▶ Given data
──────────────────────────────

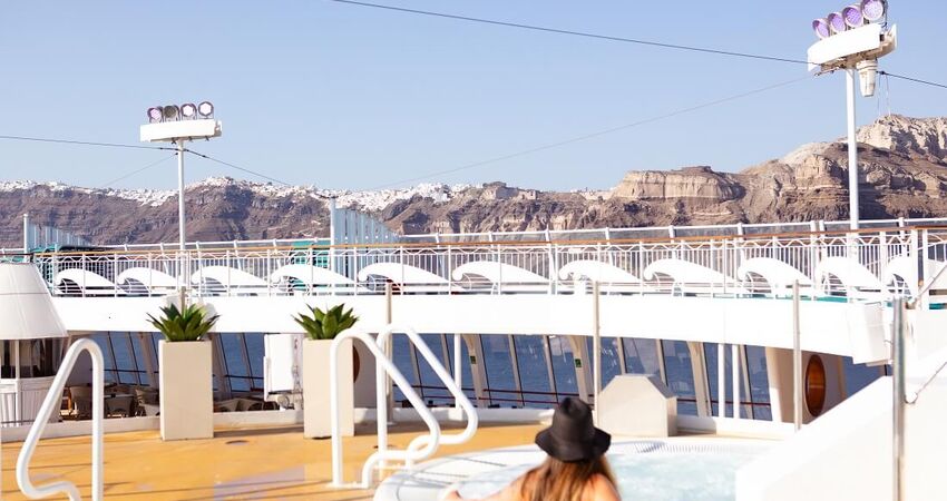 Gemimizin hareketi saat 12:00 Santorini** varış saat 16:30; Siyah kum sahillerinin yukarısında volkanik kayalara tutunan beyaz köyleriyle ünlü Santorini Adası, ismini 13. Yüzyılda Azize Irene`ye atfen almış. Ada`daki en önemli yerler Akrotiri, Antik Thira, Fira ve Oia bölgeleri. Adanın merkezi olan Fira, 1956 depreminden sonra yeniden kuruldu. Harika bir manzaraya sahip olan bu merkez, küçük liman Skala Fira`ya 580 basamak uzaklıkta. Bu limana teleferik veya basamaklar üzerinden katırla ulaşmak mümkün. Adanın üçüncü büyük limanı olan Oia depremden sonra geleneksel bir yerleşim birimi halini almış. Neo-klasik malikânelerle çevrili Oia gizemli olarak kabul edilir. Gemimizin hareketi saat 21:30
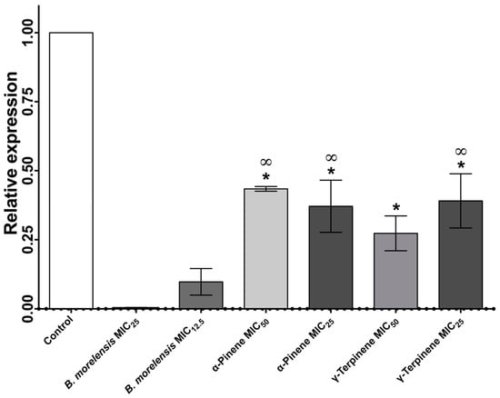 qRT-PCR of the expression of INT1 gene of C. albicans exposed to different concentrations of essential oil of B. morelensis, α-Pinene and γ-Terpinene. * Significant differences exist regarding the group of B. morelensis MIC25 (p < 0.05). ∞ Significant differences exist regarding the group of B. morelensis MIC12.5 (p < 0.05).
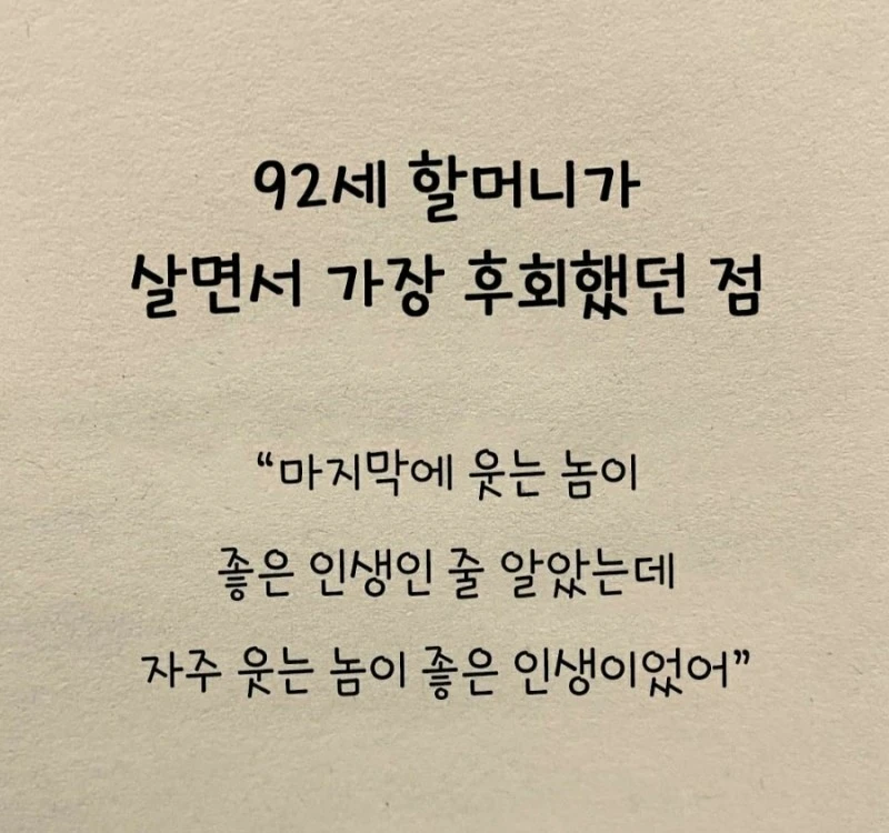 92세 할머니가 살면서 후회한 점
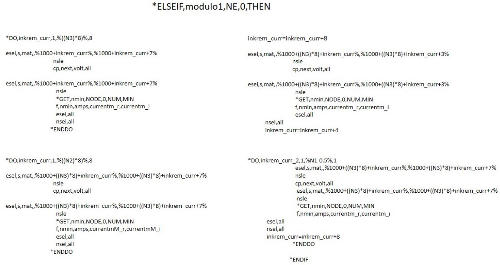 В связи с тем, что проектируемая геометрическая модель является осесимметричной, возникает особенность в присвоении тока виткам первой секции индуктора. В случае, когда при осесимметричном рассмотрении первой секции число витков представляется дробным значением (при симметричном делении длины и числа витков пополам), значение округляется до целого числа. На рис. 7 и 8 представлены программные коды, реализующие присвоение токов элементам и узлам геометрической модели в случаях целочисленного и дробного значений соответственно.
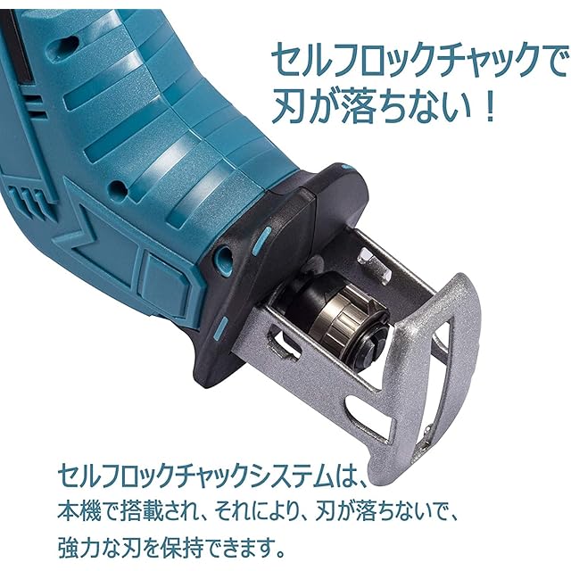 【セルフロックチャックで刃が落ちない!】従来のものは刃が落ちるという声があり、セルフロックチャックシステムを開発し、本機で搭載。電動のこぎり、刃が落ちないで強力な刃を保持できます。
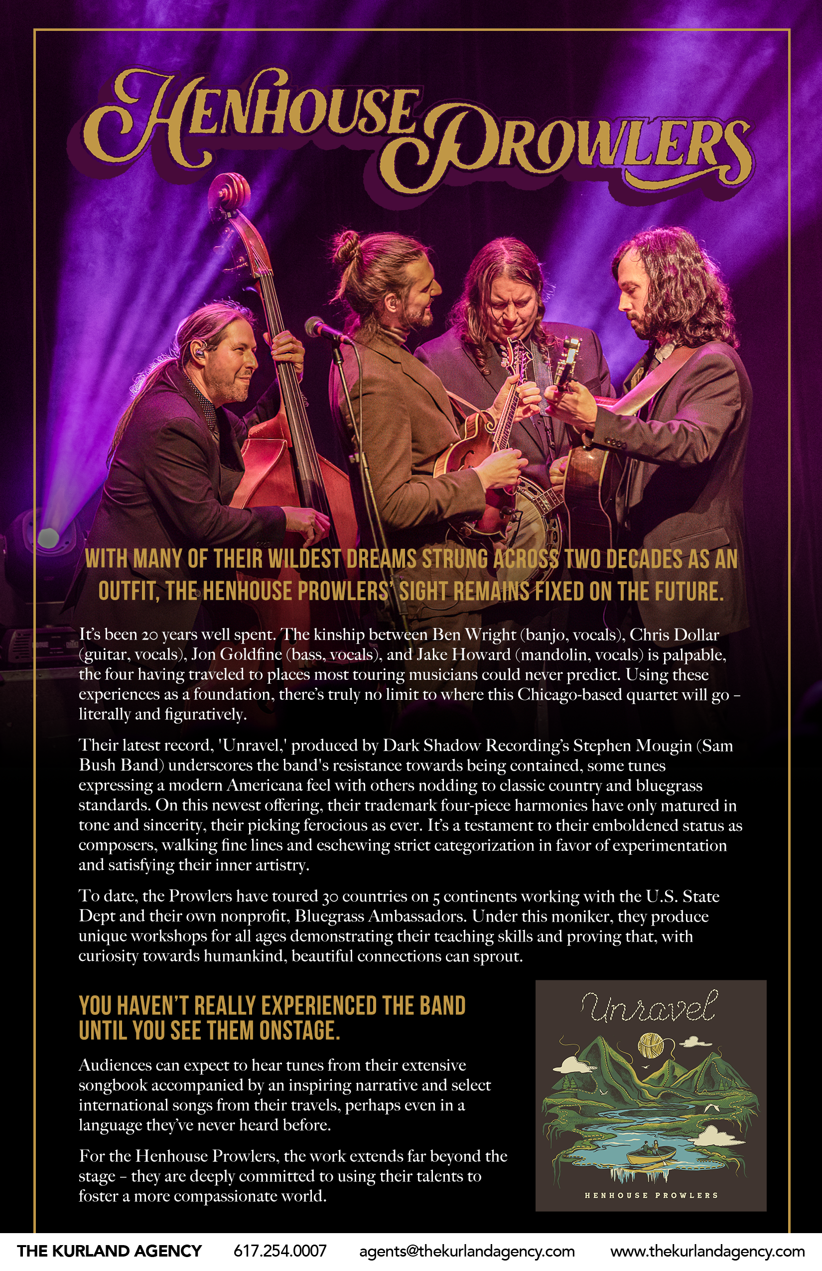 Ever constant in the group’s enthralling performances is their ability to showcase their passion for both their craft and our shared humanity. Each member skilled in storytelling, compelling songwriting and intricate instrumentation, they fervently build on one another’s raw talent, always finding a way to deeply connect with their audiences. Their curiosity and innovation lands the Prowlers in a category difficult to define but explosively intriguing around every bend.
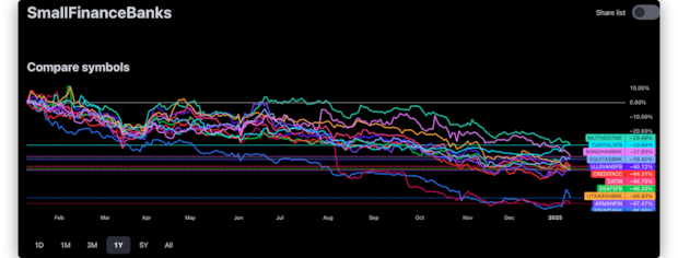 2024 年对于小额信贷玩家来说是痛苦的一年。在最新的“小额信贷混乱”中,上市小额信贷公司的股价较去年下跌了 40-50% 以上。即使是 MFI(小额信贷机构)贷款额仅占贷款总额 6% 的银行也会受到市场的惩罚(IDFC 第一银行)。
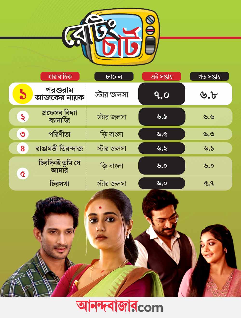 এই সপ্তাহে টেলিপাড়ায় অনেক ধরনের পরিবর্তন হয়েছে। যেমন, ‘চিরদিনই তুমি যে আমার’ ধারাবাহিকে খোঁজ চলছিল নতুন অপর্ণার। পাওয়া গিয়েছে নতুন নায়িকাকে। সদ্য শুরু হওয়া ‘প্রফেসর বিদ্যা ব্যানার্জি’ ধারাবাহিকে রাগি অধ্যাপক বিদ্যার প্রেমে হাবুডুবু খাচ্ছেন নায়ক। সেই সমীকরণও ফুটিয়ে তোলার চেষ্টা চলছে। আবার ‘পরশুরাম আজকের নায়ক’ ধারাবাহিকের গল্পের থেকেও বেশি চর্চায় কাহিনির নায়িকা তটিনী ওরফে তৃণা সাহার ব্যক্তিগত জীবন। এই সবের মধ্যেও প্রথম স্থানে ‘পরশুরাম আজকের নায়ক’। কে, কত নম্বর পেল?
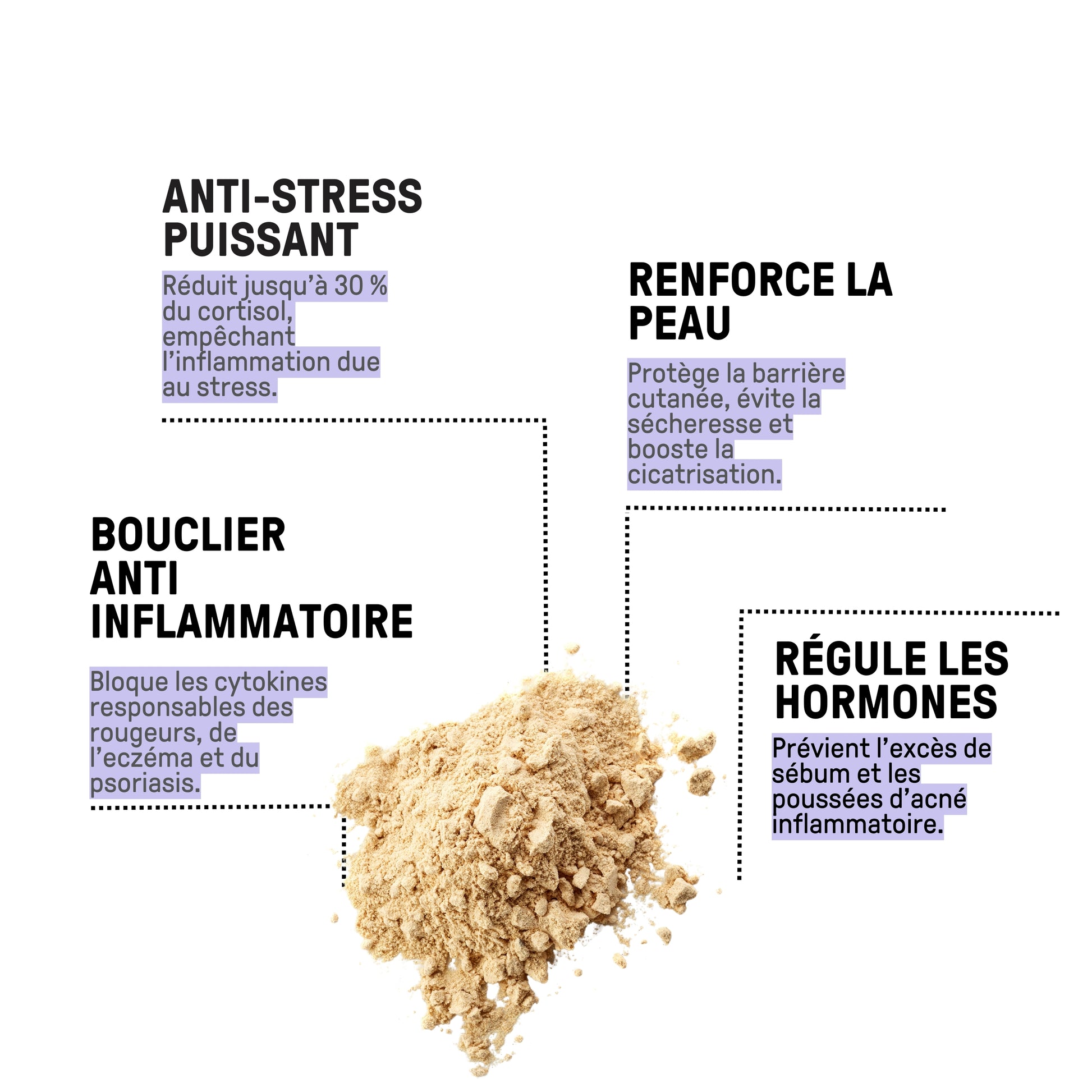 Quatre ingrédients anti-inflammatoires naturels : Aloe vera, ashwagandha, calendula et camomille agissent en synergie pour apaiser les inflammations cutanées.
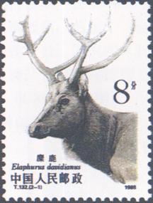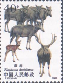 | 释义 | 麋鹿 发行日期:1988年12月20日 齿孔度数: 印刷版别:影写版 票幅:30×40 全张枚数:50(10×5) 设计者:许彦博 印刷:北京邮票厂

──────────────────────────────

▶ What to produce
Please write out exactly the lines starting at the one that contains "এই সপ্তাহে টেলিপাড়ায়" and ending with the final line of the entries, both ends included. Do not write out any pictures.

▶ Task result
 এই সপ্তাহে টেলিপাড়ায় অনেক ধরনের পরিবর্তন হয়েছে। যেমন, ‘চিরদিনই তুমি যে আমার’ ধারাবাহিকে খোঁজ চলছিল নতুন অপর্ণার। পাওয়া গিয়েছে নতুন নায়িকাকে। সদ্য শুরু হওয়া ‘প্রফেসর বিদ্যা ব্যানার্জি’ ধারাবাহিকে রাগি অধ্যাপক বিদ্যার প্রেমে হাবুডুবু খাচ্ছেন নায়ক। সেই সমীকরণও ফুটিয়ে তোলার চেষ্টা চলছে। আবার ‘পরশুরাম আজকের নায়ক’ ধারাবাহিকের গল্পের থেকেও বেশি চর্চায় কাহিনির নায়িকা তটিনী ওরফে তৃণা সাহার ব্যক্তিগত জীবন। এই সবের মধ্যেও প্রথম স্থানে ‘পরশুরাম আজকের নায়ক’। কে, কত নম্বর পেল?
 Quatre ingrédients anti-inflammatoires naturels : Aloe vera, ashwagandha, calendula et camomille agissent en synergie pour apaiser les inflammations cutanées.
 | 释义 | 麋鹿 发行日期:1988年12月20日 齿孔度数: 印刷版别:影写版 票幅:30×40 全张枚数:50(10×5) 设计者:许彦博 印刷:北京邮票厂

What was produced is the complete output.